I of course only listen to her for so long, as I have my own inner dialog going on. Like, Did I shave my legs today? Then we move into a position where I am face to face with my legs. No, no I did not shave my legs. Shit. Michelle tells us to find a place to focus for a while. Mine is usually at my leg hair. Is that blonde or red? I can’t tell. Man, this is not cool. On the first big yoga position of the day I always think, Oh god, please don’t let me toot. Please, please don’t let me toot. And if I do, please let the class think it’s the girl next to me.

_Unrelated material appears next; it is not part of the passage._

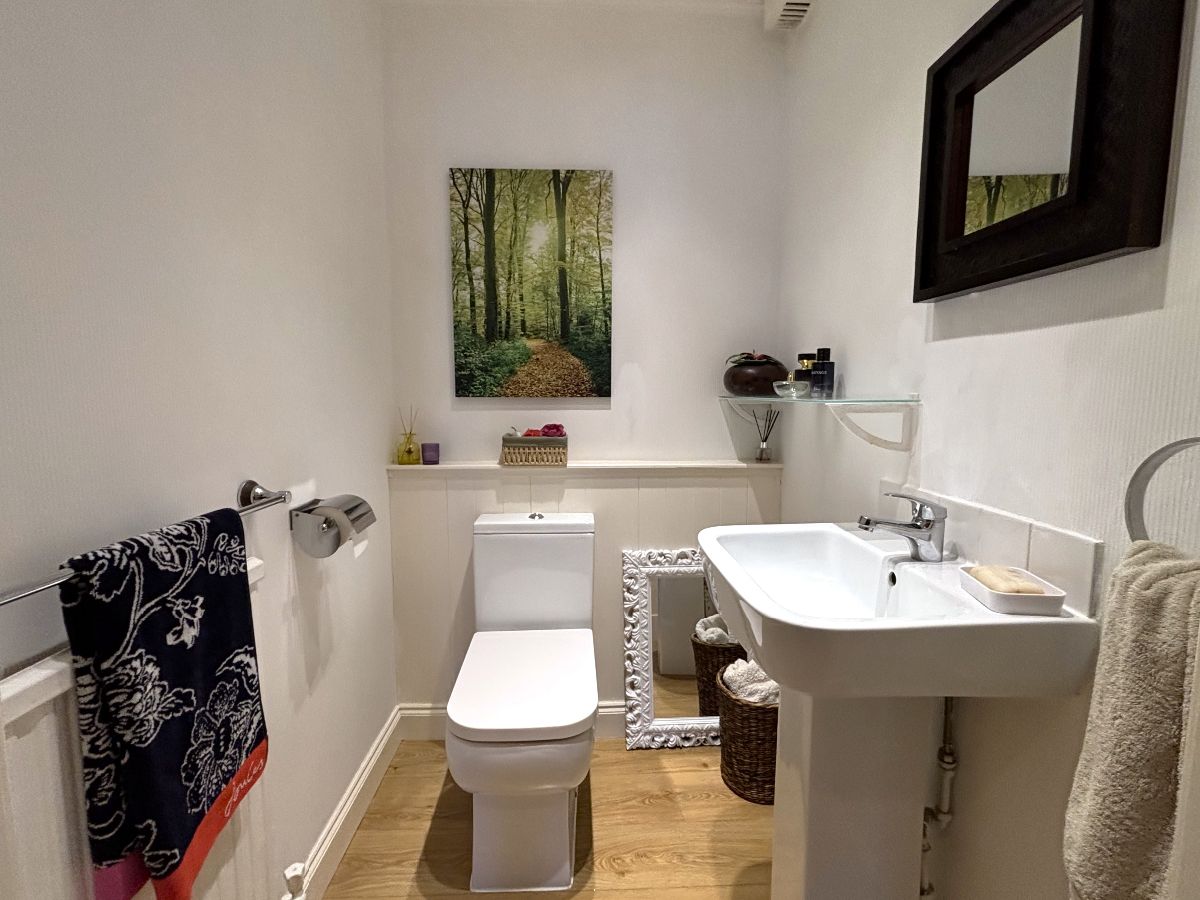 On the lower ground level, a hallway with additional storage leads to the family bathroom and three further well-proportioned bedrooms. Bedroom Two benefits from excellent wardrobe storage and a private ensuite shower room. Bedroom four boasts fitted mirrored wardrobes.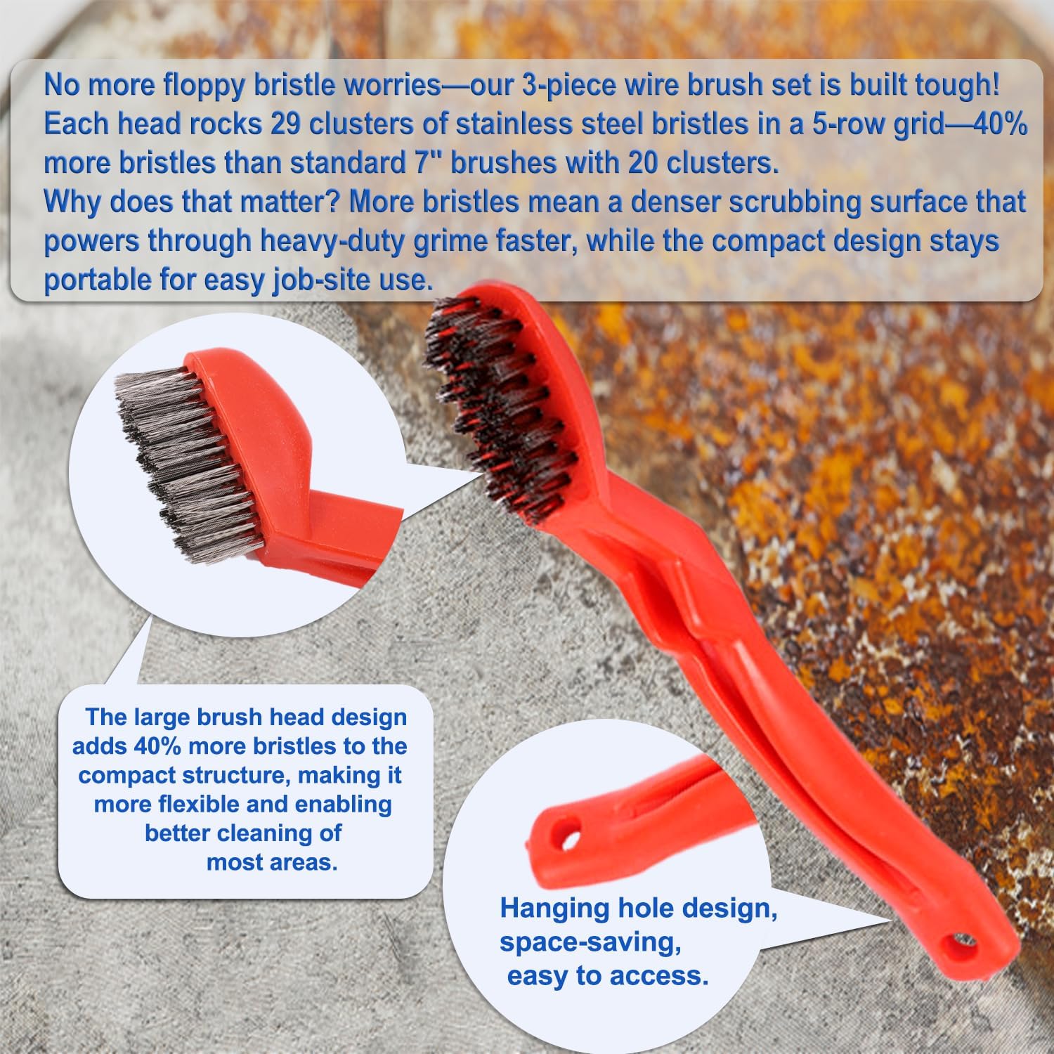 - 40% Denser Bristles + Ultra-Stiff – Solves "Too Soft" Issues – Each brush has 29 stainless steel bristle clusters (vs. 20 in most 7" wire brushes), cutting through rust, grease, grime, and smoothing burrs with ease. Stiff, durable bristles resist bending, saving time and elbow grease on heavy-duty cleaning and deburring!

Just like most things I love in my life, I have eventually become obsessed with yoga. I have literally worn a hole on the bottom of my big toe doing yoga. Instead of telling people I’m limping because I had a blister that is now rubbed into a hole, I tell people I have holey feet and walk away. I found out today that they take this as “holy” feet and are really confused. Potato potato. (Written out, that’s really confusing too.) What was I talking about?
If I can’t reach something from where I’m standing, instead of taking two steps forward I lean out as far as I can, center my breathing, lift one of my legs out straight, turning myself into a human T. Making a peanut butter and jelly sandwich for Shylee’s lunch now takes five times longer and she just walks away saying, “Dad! Mom’s doing that weird statue thing again.”
Shylee eventually got into it when she realized she could stay up a little bit later as long as she was doing that weird crap her mom does. Baby Kaydance even got into helping with yoga.
Too much help! Too much help!
In the mean time I’m trying out a new Zumba instructor tomorrow. I’ve promised myself I won’t mention middle school dances, AIDS, ice cream, or friendship necklaces. I’m always up for origami fortune tellers, so I refuse to rule those out.